Lipník nad Bečvou (; ) is a town in Přerov District in the Olomouc Region of the Czech Republic. It has about 7,800 inhabitants. The historic town centre is well preserved and is protected by law as an urban monument reservation.

Administrative parts

Lipník nad Bečvou is made up of five town parts and villages:
Lipník nad Bečvou I-Město
Lipník nad Bečvou III-Nové Dvory
Lipník nad Bečvou V-Podhoří
Lipník nad Bečvou VI-Loučka
Lipník nad Bečvou VII-Trnávka

Geography
Lipník nad Bečvou is located about  northeast of Přerov and  southeast of Olomouc. It is situated on the right bank of the Bečva river. It lies in the Moravian Gate lowland. A small northeastern part of the municipal territory extends to the Nízký Jeseník mountain range and contains the highest point of Lipník nad Bečvou, which is the hill Juřacka at  above sea level.

History

The first written mention of Lipník is from 1238. It was a settlement on an important trade route that passed through the Moravian Gate and led to Silesia. Between 1256 and 1266, Drahotuš Castle was founded on a nearby hill and Lipník became the economic centre of the newly established estate. King John of Bohemia bought Lipník probably from Duke Nicholas I and then sold the estate to the lords of Kravaře in 1325. The settlement prospered and developed because according to a deed from 1349, Lipník was already a rich town. During the rule of the lords of Kravaře, Lipník obtained various privileges.

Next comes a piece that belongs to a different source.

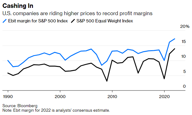 「企業収益がインフレに付いていけるか」は雑な問題提起なのでもう少し細かく分類できる。一般的にそれは企業が仕入れ価格や人件費と言った上昇するコストを顧客に転換できるかどうかによって規定される。コロナ後のインフレ局面で企業は供給制約によって値上げに「迫られた」のか、それとも「消費者のお金が余っているからとりあえず値上げした」のかはマージンで判断されるが、寡占企業GAFAMの影響をやや弱めた等ウェイトS&P 500で見てもコロナ前より厚くなっているので、後者の色の方が厚そうに見える。つまり米国で大規模な財政出動で消費者の購買余力が上がったのが先であり、全体的に企業収益はインフレ以上にインフレしたのが2021年だった可能性が大きく、インフレやコストよりもとにかく実質金利が株のバリュエーションに影響を与えたのは納得できる。
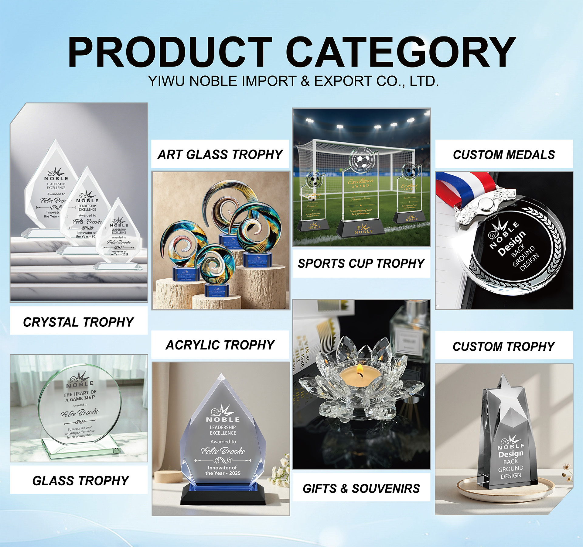 Yiwu Noble Imp&Exp Co., Ltd. Productos principales:Trofeo de cristal, 3D cubo de cristal, copa de trofeo de metal, Trofeo y Medalla personalizados, trofeo de cristal artístico, trofeo de acrílico

Lipník was owned by the lord of Sovinec in 1447–1467 and by the Kostka of Postupice family in 1467–1475. In 1475, the estate was bought by William II of Pernstein and attached to his extensive assets. In the 16th century, owned by the Pernsteins, Lipník experienced economic growth and general prosperity. The town fortifications were strengthened and guilds were established. The Jewish population was documented from 1454, a Jewish quarter was formed in the first third of the 16th century at the latest.

In 1580, Lipník was obtained by marriage by Peter Vok of Rosenberg, but he was forced to sell it to the Bruntálský of Vrbno family in 1593. They had built a Renaissance castle here in 1609. The properties of the Bruntálský of Vrbno family were confiscated after Bohemian Revolt, and the town was acquired by Cardinal Franz von Dietrichstein. His house owned Lipník until 1858. In 1634, Franz von Dietrichstein invited the Piarists into the town. They operated here until 1884.

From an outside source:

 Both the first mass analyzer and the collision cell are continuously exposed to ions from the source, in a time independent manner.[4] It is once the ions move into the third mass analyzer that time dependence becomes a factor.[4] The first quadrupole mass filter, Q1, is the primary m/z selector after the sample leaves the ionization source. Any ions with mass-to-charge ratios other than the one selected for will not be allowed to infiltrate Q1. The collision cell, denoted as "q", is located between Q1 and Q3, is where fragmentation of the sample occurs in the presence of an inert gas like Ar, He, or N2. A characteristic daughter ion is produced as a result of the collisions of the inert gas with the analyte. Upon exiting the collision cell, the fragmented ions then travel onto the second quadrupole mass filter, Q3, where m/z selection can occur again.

The plague epidemic of 1623–1624 and the Thirty Years' War caused a significant decline in population and economic losses. The stagnation of the town lasted until the 1840s when the town gates and some bastions were demolished, the imperial road was relocated and, above all, Emperor Ferdinand Northern Railway was built. Lipník became an important transhipment point, which brought a new economic impetus. Large markets were held here and crafts developed. In the second half of the 19th century, the town became industrialized.

A large fire in 1858 caused Neoclassical reconstructions in the town centre.

Demographics

Transport
Lipník nad Bečvou has a station on the international railway Prague–Olomouc–Lipník nad Bečvou–Púchov. The railway station is also served by local lines to Přerov, Hranice and Valašské Meziříčí.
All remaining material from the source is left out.